La philosophie et la culture chinoises pensent la société comme une alternance de deux états naturels : Wen, le culturel, et Wu, le martial. Tandis que le premier représente un état idéal de paix et d’harmonie à maintenir, le second serait une déviance inévitable, un bouleversement de l’ordre normal des choses. La guerre – manifestation à l’échelle étatique des conflits selon Sun Tzu – est alors considérée comme un phénomène limité dans le temps que chacun doit endurer pour que le monde puisse retrouver son harmonie et sa prospérité. Une période Wu succède à une période Wen et ainsi de suite.
Cette compréhension du monde semble avoir eu une influence majeure sur L’Art de la guerre et pourrait expliquer l’insistance de Sun Tzu sur la nécessité de mener des campagnes militaires courtes et brèves. Son œuvre témoigne, par conséquent, d’une époque et d’une philosophie : tout en étant une forme de transgression de la norme, la guerre doit néanmoins être affrontée sans détour et être solutionnée de manière pratique.
Sun Tzu n’est pas le seul à s’emparer de ces deux notions. Confucius démontre également leur importance conceptuelle dans ses écrits : à travers la musique de cour, il célèbre la valeur supérieure du civil sur le militaire. Pour lui, la forme de musique la plus noble est le Chao jouée à la cour du mythique empereur Chun, connu pour un règne de paix et d’harmonie.
En revanche, il n’accorde pas la même valeur à la musique Wu, jouée sous le règne du premier roi de la dynastie Tcheou, rendu célèbre pour ses conquêtes ou sa pratique de la puissance militaire.

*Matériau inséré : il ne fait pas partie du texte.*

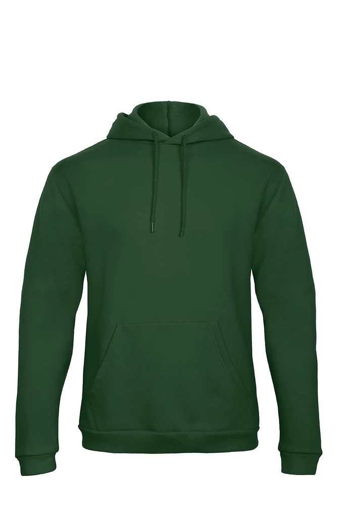 Broušený fleece uvnitř, dvoudílná kapuce se šňůrkou v stejné barvě, 1x1 elastan žebrovaná manžeta a lem, rozšířené švy na průramcích, vsazené rukávy, klokaní kapsa, postranní švy, klasický střih, "B & C No Label" řešení pro snadnou změnu značky, vhodné pro sítotisk, transferový tisk a výšivku.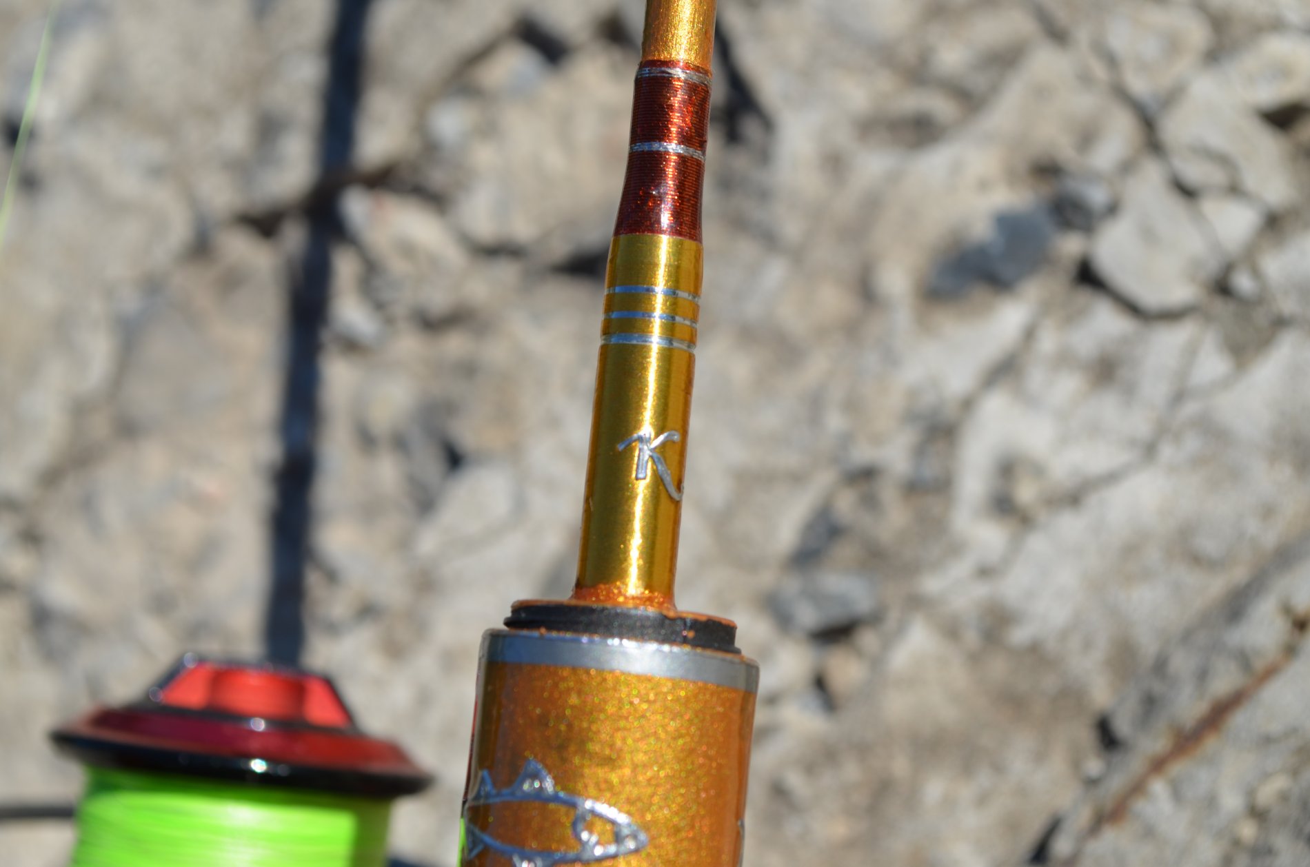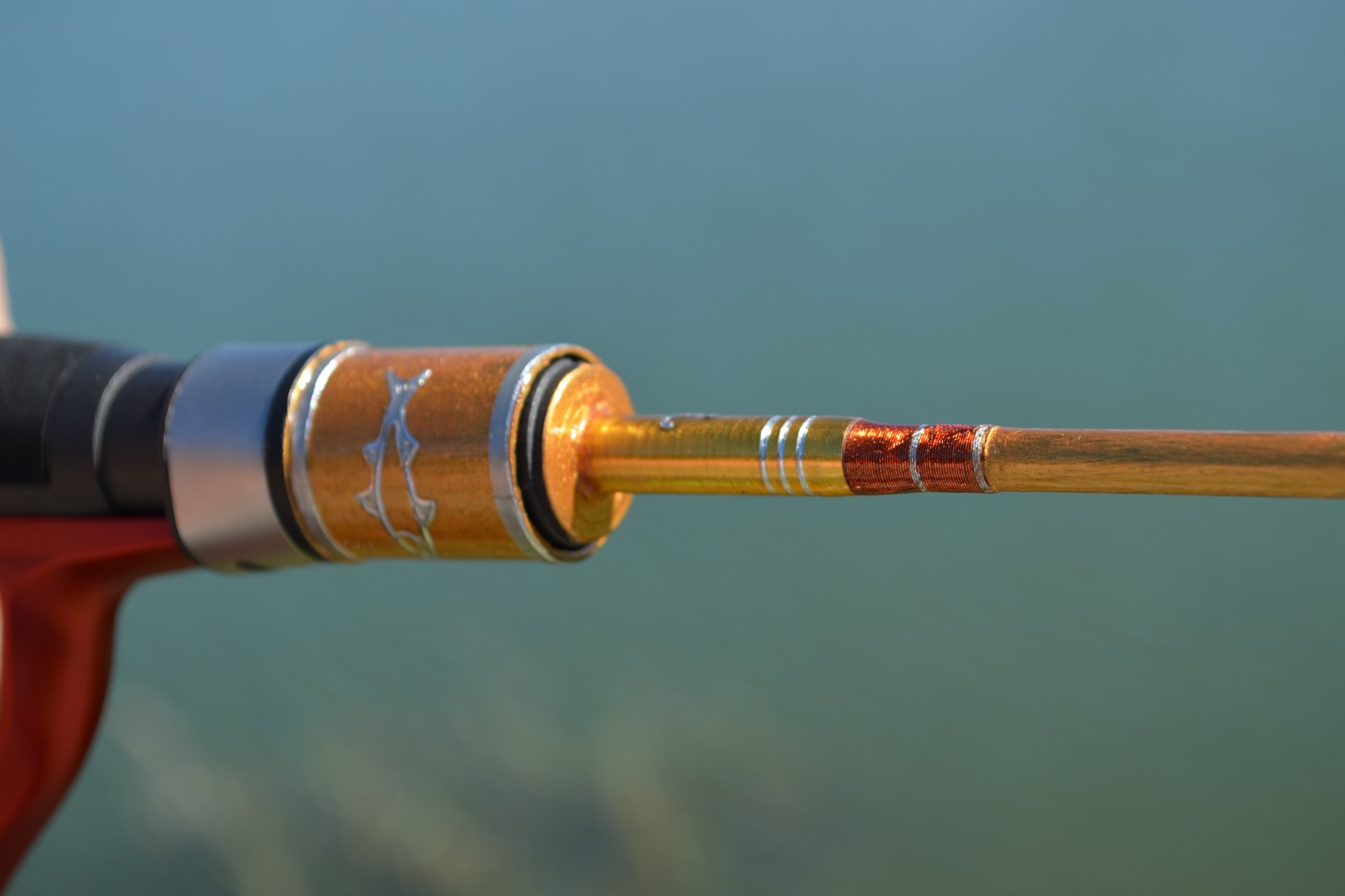 Также, решил убрать массивный форегрип, он же и был мощной гайкой катушкодержателя. Оформил в стиле гоняющихся друг за другом рыбок.

Dans les Analectes (3, 25), il écrit que « le Chao est à la fois parfaitement beau et parfaitement bon. Le Wu est parfaitement beau, mais il n’est pas parfaitement bon ». Confucius distingue alors la musique qui chante le culturel, belle, bonne, noble et vertueuse ; et celle qui glorifie le martial, également belle, mais dépourvue de vertu. Toutes deux sont parfaites, mais l’essence de leur perfection n’est pas identique.
Le Wen et le Wu sont ainsi deux états naturels qui imprègnent la philosophie chinoise : le « martial » succède cycliquement au « culturel ». Mais leurs valeurs et leurs vertus diffèrent : l’un est un état de culture parfaite tandis que l’autre est une distorsion de l’harmonie naturelle, à travers laquelle s’exprime parfois un idéal militaire.